Data to process:
- - - - - - -

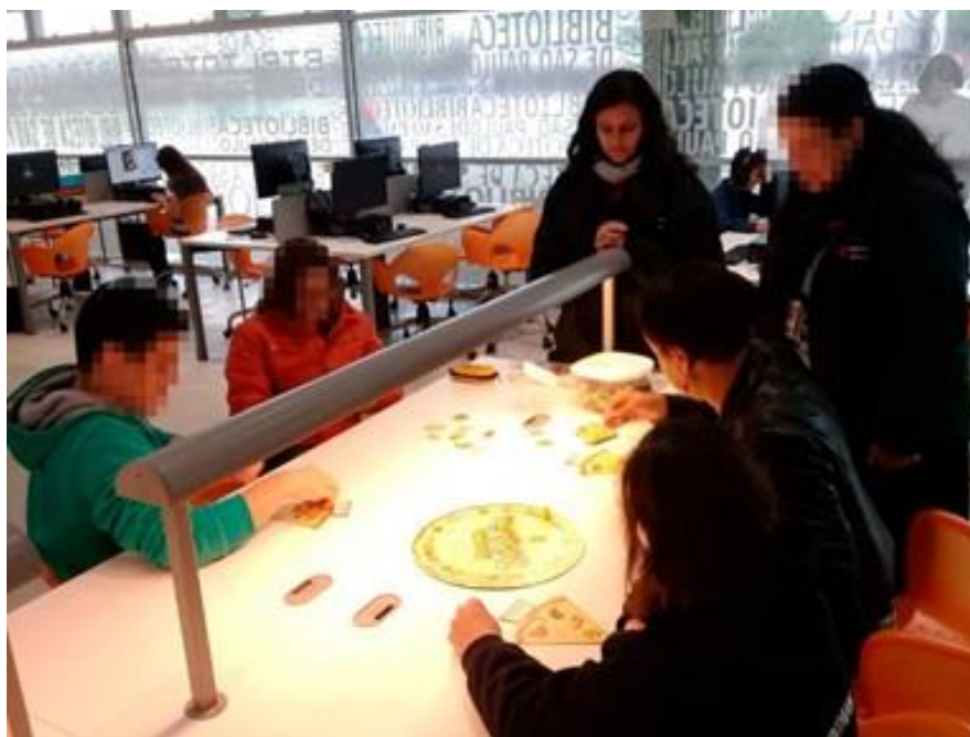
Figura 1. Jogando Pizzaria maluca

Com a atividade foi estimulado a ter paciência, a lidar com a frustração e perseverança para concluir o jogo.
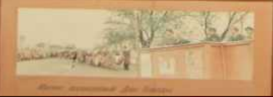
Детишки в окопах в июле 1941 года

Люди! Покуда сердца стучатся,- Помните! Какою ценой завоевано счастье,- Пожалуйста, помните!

- - - - - - -

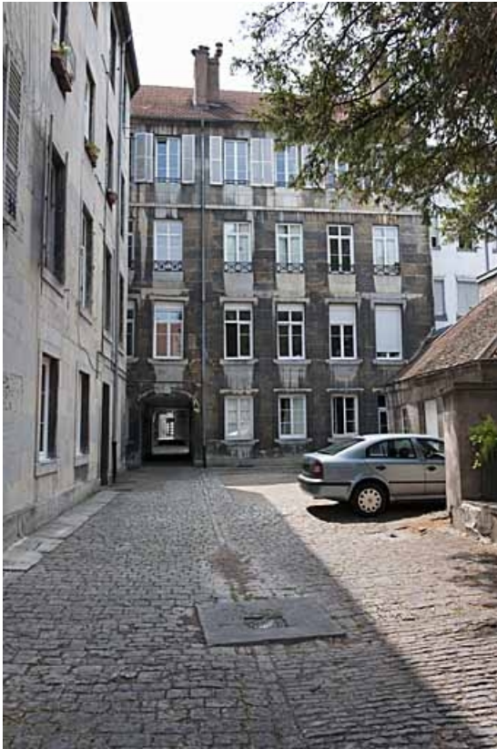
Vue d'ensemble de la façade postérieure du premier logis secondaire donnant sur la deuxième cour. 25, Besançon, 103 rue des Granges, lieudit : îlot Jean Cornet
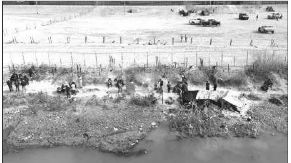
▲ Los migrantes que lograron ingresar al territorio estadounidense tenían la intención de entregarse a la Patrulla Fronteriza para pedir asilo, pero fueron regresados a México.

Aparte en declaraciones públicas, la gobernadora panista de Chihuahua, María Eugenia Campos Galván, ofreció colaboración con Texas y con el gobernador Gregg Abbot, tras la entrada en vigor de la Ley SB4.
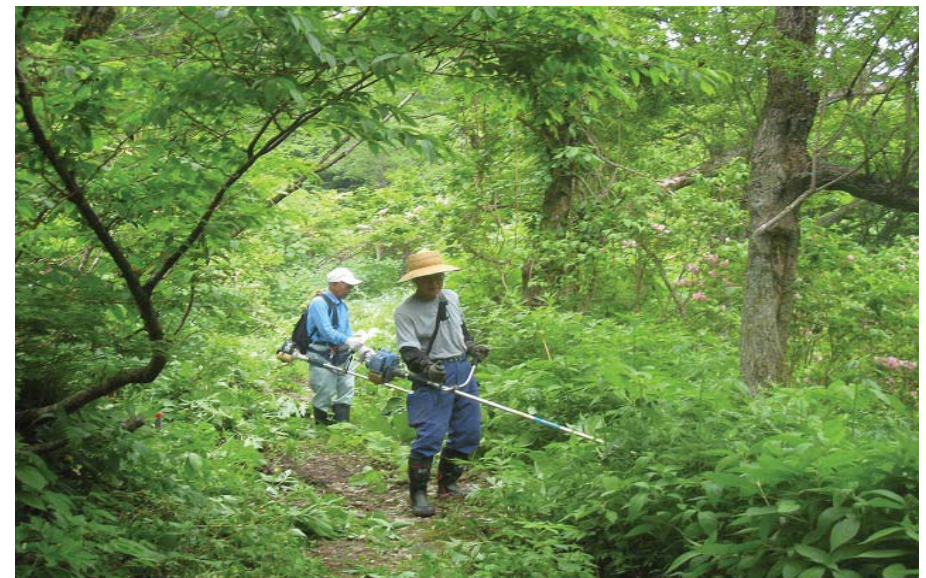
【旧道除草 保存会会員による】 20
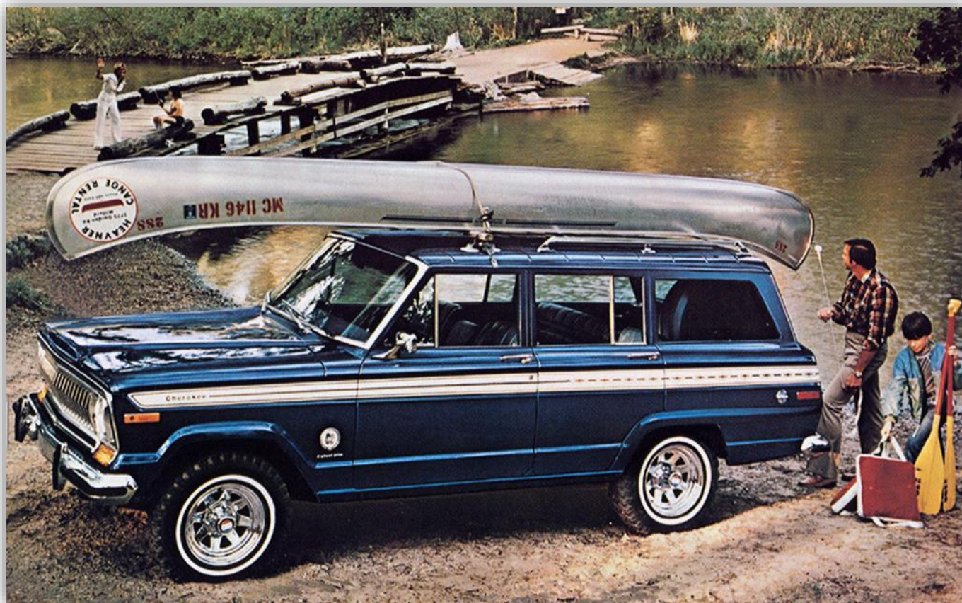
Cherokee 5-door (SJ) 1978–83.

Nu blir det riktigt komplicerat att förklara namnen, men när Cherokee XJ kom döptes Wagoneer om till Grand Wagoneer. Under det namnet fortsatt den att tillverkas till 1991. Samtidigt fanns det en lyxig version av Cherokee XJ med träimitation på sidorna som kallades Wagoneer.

- - - - - - -

Go through the material and tally every line where "para" appears. The number is the whole answer.

2